Logical objects (such as files and directories) comprise a collection of logical data blocks which correspond to physical data blocks in the computer storage. Logical data blocks in a logical object are commonly organized using block maps for mapping offsets within an object to respective block addresses within a related logical volume. Such a block map may be included in a metadata structure (e.g. index node, or Mode) that describes the logical object or can be referred by the Mode. The block map can be a hierarchical mapping data structure, e.g. a B-Tree. For example in a B-tree data structure, the Mode serves as the root of the tree, and each leaf in the tree points to either a data block or extent of blocks. The information of this block map is stored in metadata blocks.
Updating logical objects in a file system usually requires several separate operations, which expose the update process to possible system interruption resulting for example from a power failure or a system crash (referred herein in general as “system interruption”). A system interruption that occurs between writes of a deletion process may result in data structures, used for storing data blocks of respective objects, which are left in an invalid intermediate state.

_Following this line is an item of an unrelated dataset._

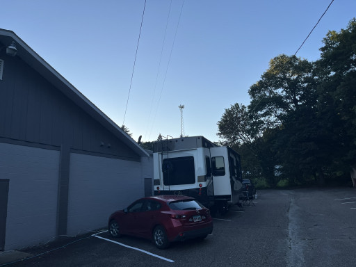 I would say they could fit 4 rigs at most. There are several places with 20amp plugs (2 at the light pole, yellow star) and they have a 30amp plug that they bring outside the back (red star). And another 20amp behind the lodge. There is a water spigot to put water onboard, blue arrow. No dump station.

For example a file deletion operation in a Unix file system typically involves the steps of: (i) removing the file's directory entry; (ii) marking the blocks associated with the file (including actual data blocks and metadata blocks) as free in a free space map; and (iii) marking the Mode entry of the file as free. Deletion of the blocks associated with an object involves scanning a mapping data-structure (e.g. a B-Tree block map) that holds all the data and metadata blocks of the object in order to delete each block included in that data-structure. A storage leak may occur, for example, if the Mode was marked as free but not all the blocks were marked as free, and a system interruption occurs during the deletion process of an object before all blocks have been deleted.
Some file systems are programmed to run consistency checks in order to obtain consistency of the file system after a system interruption. Typically, after the system restarts and before the file system is mounted for read and write access the file system executes a complete walk through the file system's data structures. For example, Linux and UNIX systems use fsck (file system consistency check) command to check file system consistency and repair it while Microsoft Windows equivalent commands are CHKDSK_and SCANDISK. This process is time and resource consuming.
Some file systems use Journaling, where changes that are going to be made in each transaction are recorded in a journal file before committing the changes to the main file system. For example all changes that are going to be made as part of a file deletion (all data blocks and metadata blocks to be deleted, the Mode entry to be freed, etc.) are written as one entry in the journal file. When the system is restarted after a system interruption, the transactions in the journal may be replayed or rolled back. Journaling file systems accelerate the time taken to repair the system, but have the disadvantage of increasing file-system operation latency and performing additional I/O operations for writing the journal.
Thus, there is a need in the art for additional solutions enabling to perform object deletion while maintaining data consistency and avoid memory leaks in case of a system interruption.